Voivodeship road 678 (droga wojewódzka nr 678) in Poland is a voivodeship road with a length of 52 km located entirely in the Podlaskie Voivodeship.

==Route==
It is a route connects the Voivodeship administrative center Białystok with Wysokie Mazowieckie. It runs through the Wysokie Mazowieckie County (gminas: Wysokie Mazowieckie, Wysokie Mazowieckie commune, Sokoły commune) and Białystok county (communes: Łapy commune, Turośń Kościelna commune, Juchnowiec Kościelny commune, Białystok County, Białystok city).

There are 2 rail crossings on the route (in Kruszewo-Brodów and in Baciuty), several bridges over the rivers Ślina, Narew and Awissa. The route has 5 intersections with provincial and national roads.

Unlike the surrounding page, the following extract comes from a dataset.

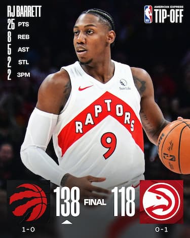 La prima sorpresa della notte arriva da Atlanta, dove Trae Young, autore di 22 punti ma con 5/14 al tiro, e compagni crollano nel secondo tempo e cadono rumorosamente sotto i colpi del trio formato da R.J. Barrett (25 punti), Scottie Barnes (22 con anche 9 assist) e Gradey Dick (21 punti in uscita dalla panchina), che trascina Toronto a una vittoria netta e molto convincente

It is planned to change the course of the route to run through Łapy and from there along with DW681 to Białystok, in order to bring out heavy traffic from the Narew National Park, Łupianki Stara and Tołcz and improve transport from Wysokie Mazowieckie To Łapy and Białystok. The construction of the Łapy beltway and the dual carriageway route of Łapy–Białystok is underway, and the belfry of Księżyna and a two-section section through Horodniany and Kleosin to the capital of the province was established.